Enter ulab

ulab is a numpy-like module for micropython and its derivatives, meant to simplify and speed up common mathematical operations on arrays. ulab implements a small subset of numpy and scipy. The functions were chosen such that they might be useful in the context of a microcontroller. However, the project is a living one, and suggestions for new features are always welcome.

This document discusses how you can use the library, starting from building your own firmware, through questions like what affects the firmware size, what are the trade-offs, and what are the most important differences to numpy and scipy, respectively. The document is organised as follows:

The chapter after this one helps you with firmware customisation.

The third chapter gives a very concise summary of the ulab functions and array methods. This chapter can be used as a quick reference.

The chapters after that are an in-depth review of most functions. Here you can find usage examples, benchmarks, as well as a thorough discussion of such concepts as broadcasting, and views versus copies.

The final chapter of this book can be regarded as the programming manual. The inner working of ulab is dissected here, and you will also find hints as to how to implement your own numpy-compatible functions.

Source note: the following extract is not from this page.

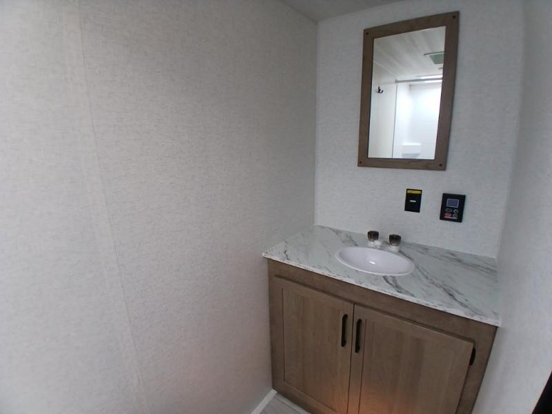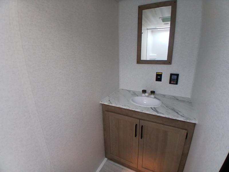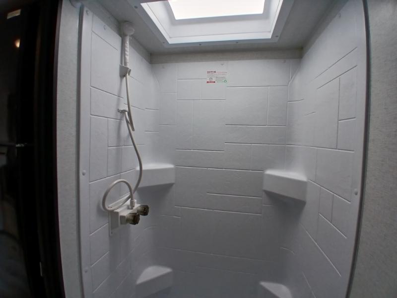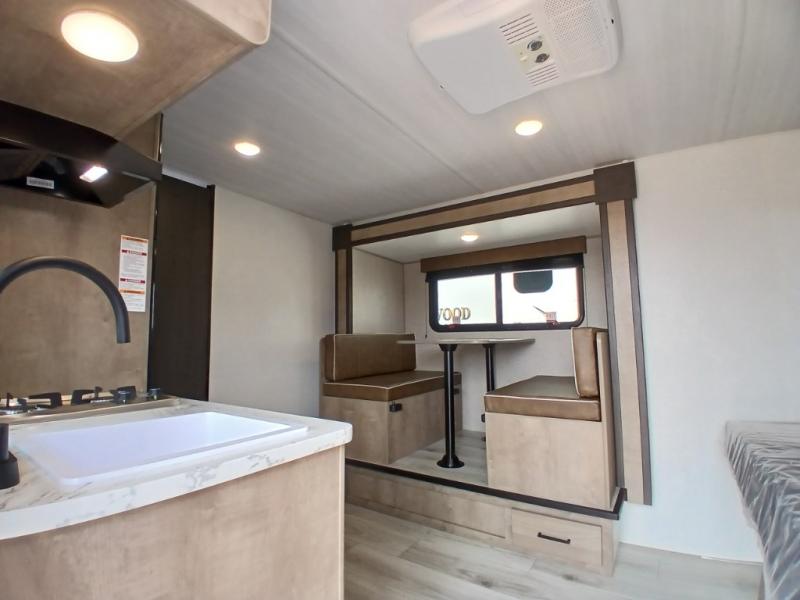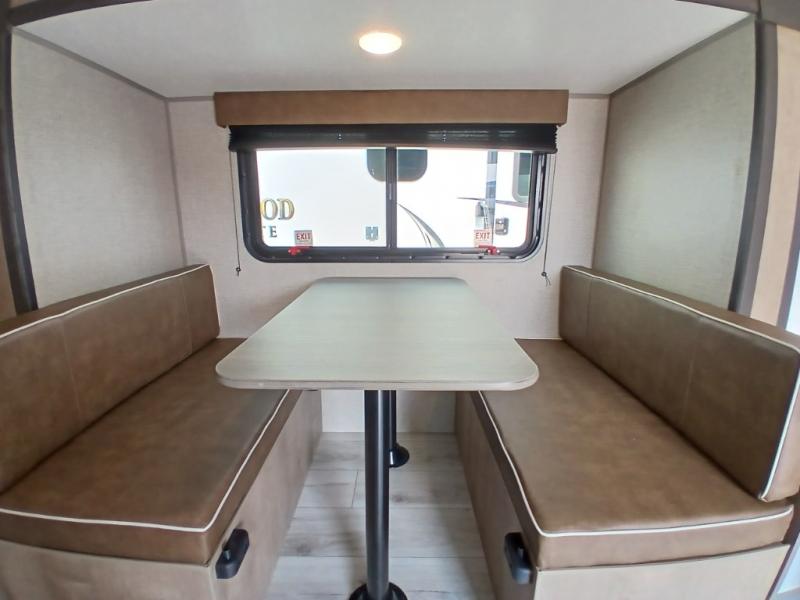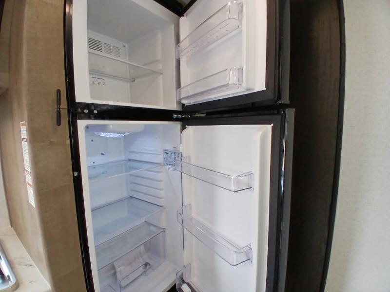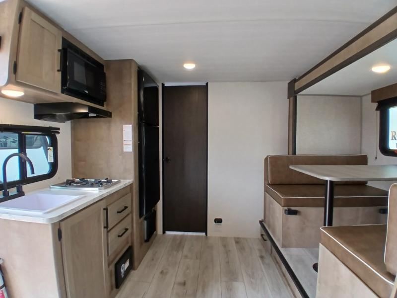 This is the perfect couple's RV with a walk-around queen bed up front with dual closets and nightstands, and a spacious rear bathroom. The galley kitchen offers a two burner cooktop and a sink to wash the dishes, plus there is a 7.7 cu. ft. 12V refrigerator for the cold items. You two can dine at the booth dinette slide which offers more floor space, plus there is drawer storage for your hand towels, pots and/or blankets. The 10' power awning provides protection so you can sit on your camping chairs while enjoying the outdoors.

Of course, the first question that one has to answer is, why on Earth one would need a fast math library on a microcontroller. After all, it is not expected that heavy number crunching is going to take place on bare metal. It is not meant to. On a PC, the main reason for writing fast code is the sheer amount of data that one wants to process. On a microcontroller, the data volume is probably small, but it might lead to catastrophic system failure, if these data are not processed in time, because the microcontroller is supposed to interact with the outside world in a timely fashion. In fact, this latter objective was the initiator of this project: I needed the Fourier transform of a signal coming from the ADC of the pyboard, and all available options were simply too slow.

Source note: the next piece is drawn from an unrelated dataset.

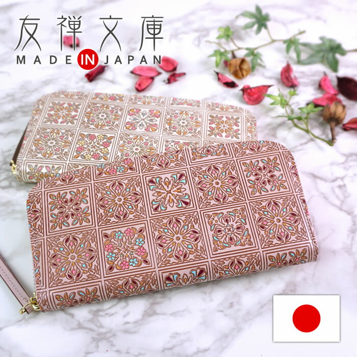ラウンドファスナー長財布 財布 レディース 本革 文庫革 日本製 国産 小銭入れあり 手染め 手描き かわいい マカナ 婦人 上品 友禅文庫 母の日 プレゼント クリスマス【コンビニ受取対応商品】

In addition to speed, another issue that one has to keep in mind when working with embedded systems is the amount of available RAM: I believe, everything here could be implemented in pure python with relatively little effort (in fact, there are a couple of python-only implementations of numpy functions out there), but the price we would have to pay for that is not only speed, but RAM, too. python code, if is not frozen, and compiled into the firmware, has to be compiled at runtime, which is not exactly a cheap process. On top of that, if numbers are stored in a list or tuple, which would be the high-level container, then they occupy 8 bytes, no matter, whether they are all smaller than 100, or larger than one hundred million. This is obviously a waste of resources in an environment, where resources are scarce.

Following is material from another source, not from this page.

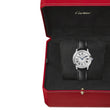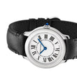 Timeless elegance meets everyday sophistication in the Cartier Ronde Must de Cartier Women’s Watch, Ref# WSRN0030 — a harmonious blend of classic Cartier design and refined craftsmanship. This exquisite timepiece features a 29mm round case crafted from luxurious Stainless Steel. The fixed Stainless Steel bezel enhances the watch’s clean, graceful silhouette, while the Stainless Steel crown is set with a signature synthetic cabochon, adding a subtle yet unmistakable Cartier touch. The Silver dial is a study in timeless contrast and clarity, showcasing a unique combination of black Roman numerals — a nod to Cartier’s heritage of bold, legible design. In the center of the dial is an exquisite minute track, where a distinct square indicator marks each five-minute increment. This thoughtful layout offers a modern twist on traditional timekeeping, combining clarity with character. Sleek, blued steel sword-shaped hands sweep across the dial, guided by the precision of the Cartier quartz movement, this watch ensures effortless, maintenance-free performance for daily wear. Scratch-resistant sapphire crystal and a robust case back protect the dial and movement, ensuring long-lasting, accurate performance. A Black Calfskin leather strap adds warmth and texture, paired with a classic Stainless Steel Deployant buckle for a secure, comfortable fit. Water resistant to 30 meters (100 feet) and presented in unworn condition, the Cartier Ronde Must de Cartier WSRN0030 is the epitome of quiet luxury — effortlessly bridging the gap between daywear elegance and evening refinement.
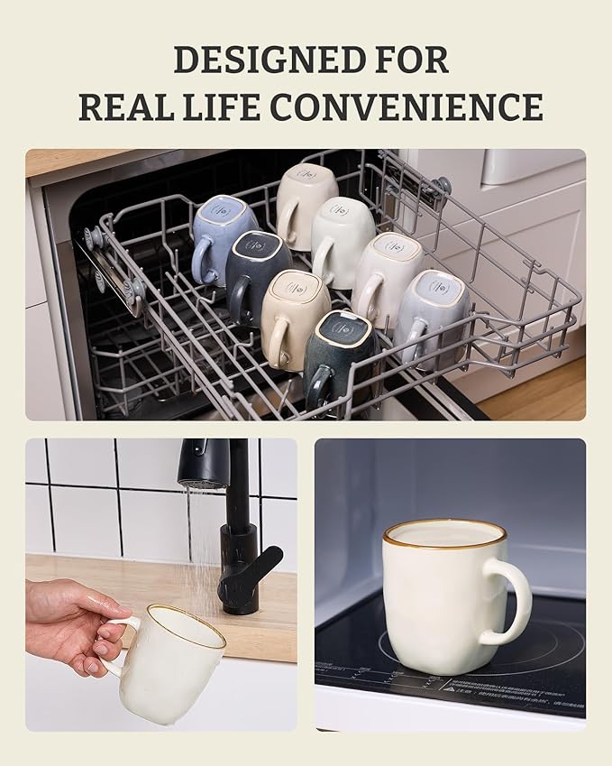 • 【Coffee Mugs Set of 4】Each mug holds up to 13oz of your favorite beverage. Great for Latte, Hot Tea, Cappuccino, Mocha, Cocoa, Milk, Hot Chocolate, smoothie,and more. Suitable for families and gatherings.

Finally, there is a reason for using micropython in the first place. Namely, that a microcontroller can be programmed in a very elegant, and pythonic way. But if it is so, why should we not extend this idea to other tasks and concepts that might come up in this context? If there was no other reason than this elegance, I would find that convincing enough.

Based on the above-mentioned considerations, all functions in ulab are implemented in a way that

  1. conforms to numpy as much as possible

  2. is so frugal with RAM as possible,

  3. and yet, fast. Much faster than pure python. Think of speed-ups of 30-50!

The main points of ulab are

  • compact, iterable and slicable containers of numerical data in one to four dimensions. These containers support all the relevant unary and binary operators (e.g., len, ==, +, *, etc.)

  • vectorised computations on micropython iterables and numerical arrays (in numpy-speak, universal functions)

  • computing statistical properties (mean, standard deviation etc.) on arrays

  • basic linear algebra routines (matrix inversion, multiplication, reshaping, transposition, determinant, and eigenvalues, Cholesky decomposition and so on)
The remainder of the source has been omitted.